Fuck em. Don’t do it.
I also personally don’t get good results from being in my home, surrounded by distractions, while I try to follow a yoga video or self-guided workout. These are purely supplementary in my world because I’m not “into” any floor workout enough to keep off my phone and computer for exceptionally long. Even with the best intentions, I’m going to cheat and give up before I gain any significant benefits. Tone up this way, sure. Trying to crunch your way to any real fitness probably isn’t going to work. But you do you.
Finally, these indoor exercise methods negate the positive brain boosting effects I just spoke about. You aren’t forced into your body, you aren’t in an environment that encourages peaceful presence, and you aren’t physically going anywhere to shake off that Freeze state.
On the other hand, when you get outdoors, immersed in natural surroundings, your body will relax in a different way than you’ve experienced in years, probably. You can calm down, enjoy the sensations of the workout, and make it a positive experience outside of regular life.
Listen to the birds, smell the dirt, and touch the leaves as you move – tell me you don’t feel at peace and calm (relatively speaking). I dare you not to feel younger, freer, and lighter. Your mind will settle and unwind. You’ll feel refreshed, disconnected from the stress of normal existence, and eventually full of amazing ideas.
The other important aspect of getting out into nature is being removed from mankind. When no one is around to “judge” you, you’ll feel different.
You could be inspired to play with your footing and stride. You might tiptoe over rocks or jump on top of fallen logs. You’ll notice the textures under your feet and the sound of your steps. You can check into your body and assume different postures without wondering how weird you look. Notice your muscles moving in distinct ways. Maximize what feels best for the bod.
It’s an immersive experience that you need to give yourself. Make exercise about feeling good.
And, one more time, I command that you find a real nature preserve or somewhere similar to do it.
Now, I’m firmly of the opinion that walking in a public sports park, strolling down a residential sidewalk, or taking a trip to the local coffee shop along a busy road is better than nothin…

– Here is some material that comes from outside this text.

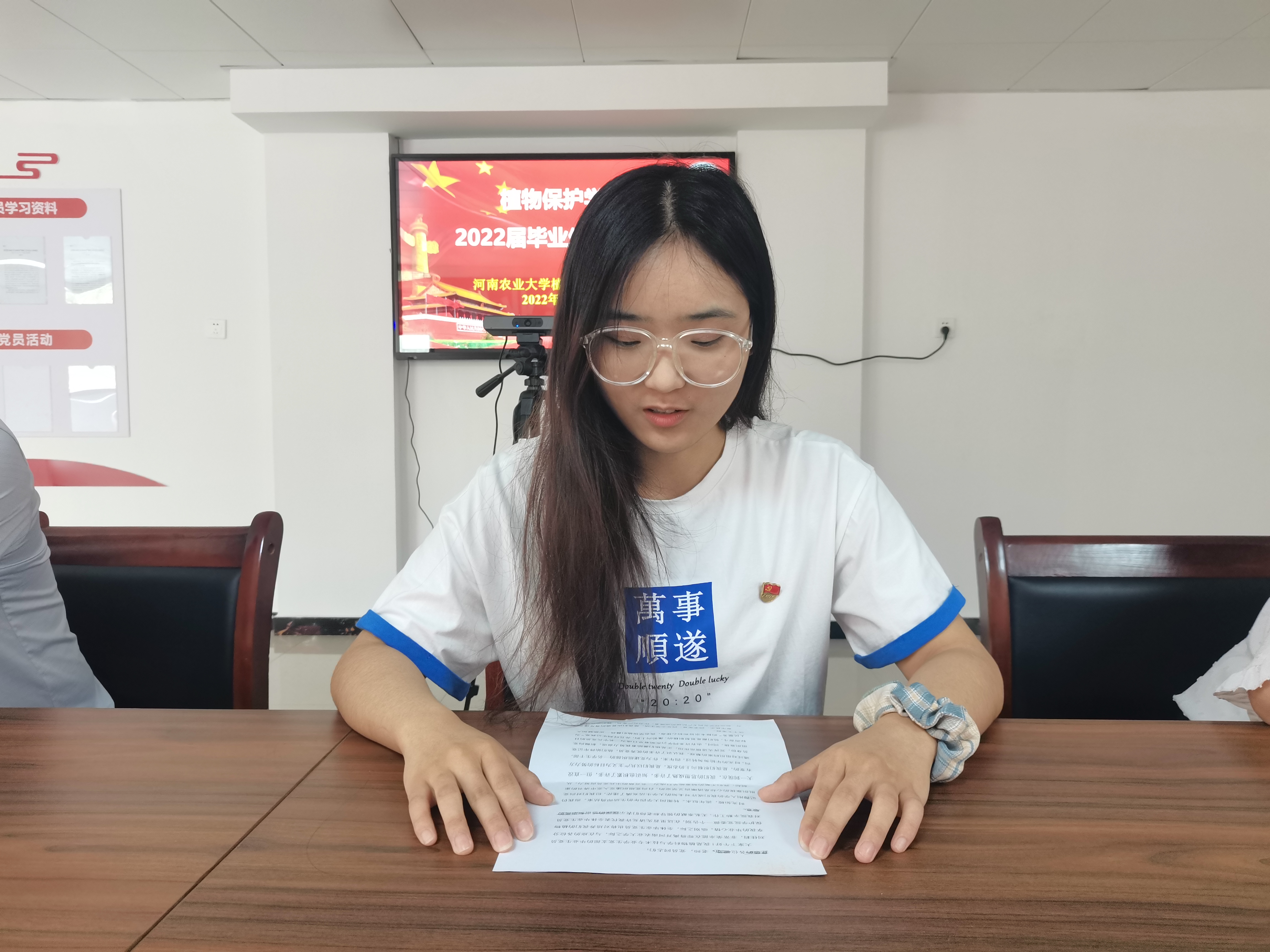 2022届优秀毕业生党员代表万笑迎和刘佳莉做典型发言并表态:会时刻牢记党员身份,永远保持共产党员的精神底色,铭记不忘初心,牢记使命,运用自己所学奉献社会。同时多名先进党员也进行了交流。

but it really doesn’t do the same thing for relieving your physical or mental stress, getting into your bod, or unwinding the tension from being alive.
For me, the reasons to go FULL-nature instead of NEIGHBORHOOD-nature are two-fold.
1) you aren’t removed from “daily life.”
All the usual reminders of our artificial, captive lifestyles are right in your face. Dodging cars, trying to ignore noise pollution ruining your podcast, stopping at every crosswalk, and looking in all directions at the bustling scene around you isn’t going to help a clusterfuck mindset.
Unless you’re some sort of maven at tuning out urban sprawl, it’s going to whip up your anxiety, remind you of the shitty job you have, and leave you more frazzled than before.
If you can get away from all the effects of modern society, please do it for yourself. Find a nature preserve within 30 minutes of your home and commit to the drive. See how you feel after one week of practice. I bet it’s worthwhile.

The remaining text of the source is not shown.